Exercise requirements: Your copy should match the records exactly, apart from the pictures, which stay out.

Stored entries:
┄┄┄┄┄┄

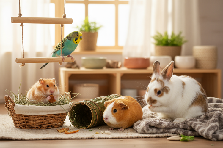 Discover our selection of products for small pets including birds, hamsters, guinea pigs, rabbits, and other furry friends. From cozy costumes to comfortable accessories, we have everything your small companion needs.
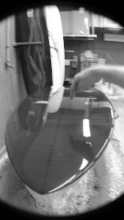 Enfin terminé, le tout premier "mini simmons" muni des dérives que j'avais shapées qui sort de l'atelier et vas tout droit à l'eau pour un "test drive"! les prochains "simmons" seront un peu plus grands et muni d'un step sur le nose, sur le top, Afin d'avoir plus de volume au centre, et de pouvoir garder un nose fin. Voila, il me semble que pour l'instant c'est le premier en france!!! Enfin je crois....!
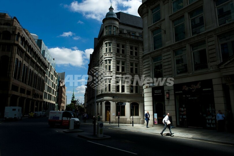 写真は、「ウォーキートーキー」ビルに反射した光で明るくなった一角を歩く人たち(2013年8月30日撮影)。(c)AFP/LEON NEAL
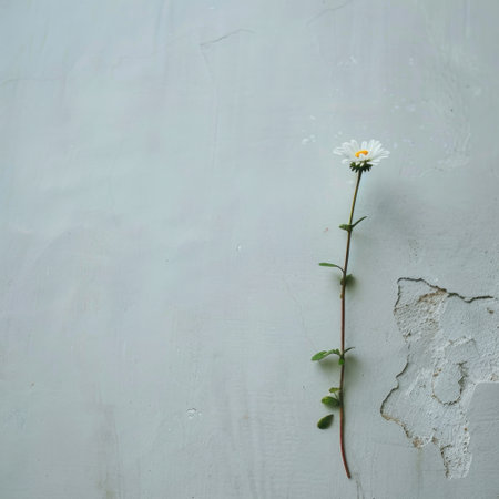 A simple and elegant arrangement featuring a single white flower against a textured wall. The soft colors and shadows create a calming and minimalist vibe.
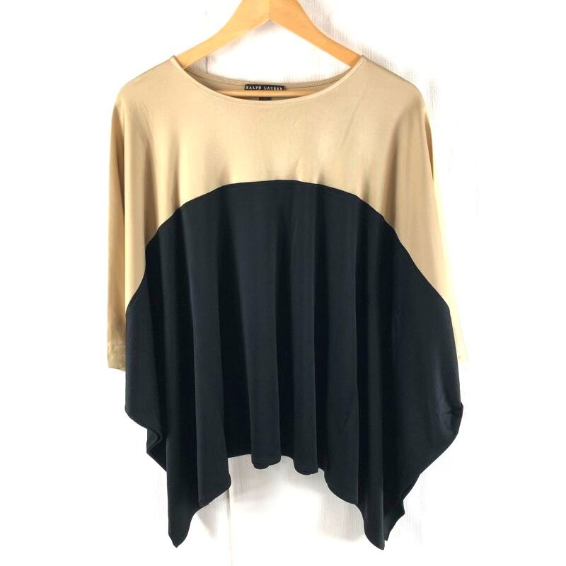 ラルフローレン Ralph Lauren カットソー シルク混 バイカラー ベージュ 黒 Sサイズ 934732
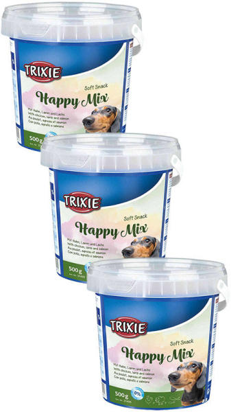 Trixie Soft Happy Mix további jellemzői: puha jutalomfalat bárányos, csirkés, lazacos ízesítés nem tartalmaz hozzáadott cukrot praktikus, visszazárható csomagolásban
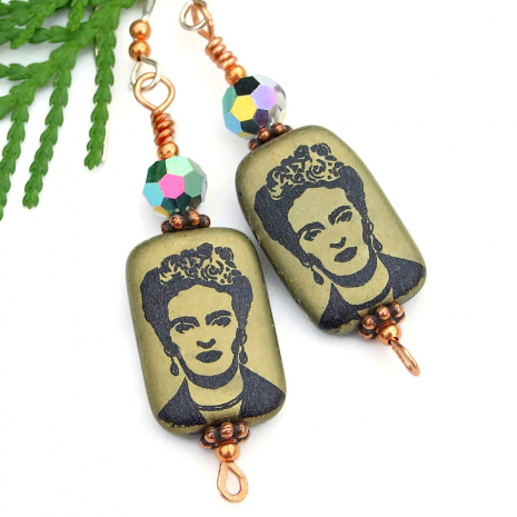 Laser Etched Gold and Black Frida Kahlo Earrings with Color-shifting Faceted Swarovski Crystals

┄┄┄┄┄┄

The completed task:
 Discover our selection of products for small pets including birds, hamsters, guinea pigs, rabbits, and other furry friends. From cozy costumes to comfortable accessories, we have everything your small companion needs.
 Enfin terminé, le tout premier "mini simmons" muni des dérives que j'avais shapées qui sort de l'atelier et vas tout droit à l'eau pour un "test drive"! les prochains "simmons" seront un peu plus grands et muni d'un step sur le nose, sur le top, Afin d'avoir plus de volume au centre, et de pouvoir garder un nose fin. Voila, il me semble que pour l'instant c'est le premier en france!!! Enfin je crois....!
 写真は、「ウォーキートーキー」ビルに反射した光で明るくなった一角を歩く人たち(2013年8月30日撮影)。(c)AFP/LEON NEAL
 A simple and elegant arrangement featuring a single white flower against a textured wall. The soft colors and shadows create a calming and minimalist vibe.
 ラルフローレン Ralph Lauren カットソー シルク混 バイカラー ベージュ 黒 Sサイズ 934732
 Trixie Soft Happy Mix további jellemzői: puha jutalomfalat bárányos, csirkés, lazacos ízesítés nem tartalmaz hozzáadott cukrot praktikus, visszazárható csomagolásban
 Laser Etched Gold and Black Frida Kahlo Earrings with Color-shifting Faceted Swarovski Crystals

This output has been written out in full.